In the future, all one needs to do to become president will be having the financial resources to buy off 270 electors. Or more realistically, either party starts off with 200 guaranteed electors and then they just have to buy 70 more. So we celebrate a Biden win next November, only to find out the Republican elite have bought enough electors to give us four more years of tweets and kleptocracy.

The electoral college reflected the values and prevailing attitudes of the time, notably the belief among free, property-owning, wealthy elite white males that political power must remain in the hands of the elite class because the lower rungs of society are inherently unqualified to manage self-governance. While there may be some truth to the notion that democracy invites many unqualified citizens to participate, there is no evidence that an aristocratic class is capable of governing in the interests of broader society. Moreover, the EC, like other aspects of the original constitution, is squarely at odds with our modern social and political values and our understanding of what a modern democratic and egalitarian society ought to look like.

But I don’t see anything or anyone changing it until the system breaks, and maybe that’s really what’s happening right now, and maybe that’s what Trumpism truly represents: the disintegration of the American republic as it has been defined by the Enlightenment era constitution. So perhaps it is the case that the system must first fail incontrovertibly in the eyes of the average person before there can be sufficient critical mass needed to transform America from an Enlightenment republic into something more advanced.

It almost happened that way in 2000. In the last week or two before the election, Bush’s team was more worried about winning the popular vote and losing the electoral vote than the other way around. And his team was prepared to launch a campaign to persuade electors to switch their votes to ratify the will of the people. New York Daily News, Nov. 1, 2000:

Another thing that almost happened in 2000 was that, while the Florida outcome was being debated in the courts, the GOP-controlled Florida legislature considered meeting to choose a GOP slate of electors by fiat.

Since each state has the authority to determine how to choose its electors, really the only question would have been, is it kosher for them to change the rules after Election Day just because they didn’t like the popular outcome? I could easily see a Supreme Court like the one we’ve got supporting a GOP legislature that overruled the vote in this manner.

Tru dat!

The linked article also says:

Two courts with differing decisions. Plop. Right in the laps of the Supreme Court.

And then there’s this:

This is why so many people hate and distrust the law.

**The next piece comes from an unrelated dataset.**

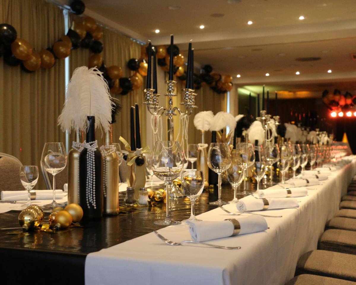Für Weihnachtsfeiern ab 30 Personen erwartet Sie ein festliches Rundum-sorglos-Paket: Der Empfang beginnt an der hoteleigenen Glühweinhütte auf der stimmungsvoll beleuchteten Terrasse – mit heißem Glühwein oder alkoholfreiem Punsch und einer gemütlichen Feuerschale, die sofort weihnachtliche Atmosphäre schafft. Im Anschluss genießen Sie mit Ihren Gästen ein liebevoll zusammengestelltes, weihnachtliches Buffet, begleitet von einem dreistündigen Getränkepackage mit Softdrinks, Bier, Hauswein und Heißgetränken. Der festlich dekorierte Raum mit Christbaum schafft den perfekten Rahmen für entspannte Gespräche oder ausgelassene Stimmung – auf Wunsch auch mit Tanzfläche und musikalischer Begleitung durch DJ oder Live-Band. Dieses Paket ist für nur 69 Euro pro Person buchbar.

I believe the state can still punish them, but their vote stands, which makes sense.

No, they can still throw them into prison for life for accepting bribes.

Do you expect the government that wins because of this to pursue such a case?

Sure, can’t you just imagine William Barr just jumping all over this? Well, if his side was losing maybe.

The State government, not the Feds.

It may not fall under their jurisdiction. Once the elector is chosen it is out of their hands-presuming the bribery happens after that, it would then be a Federal case.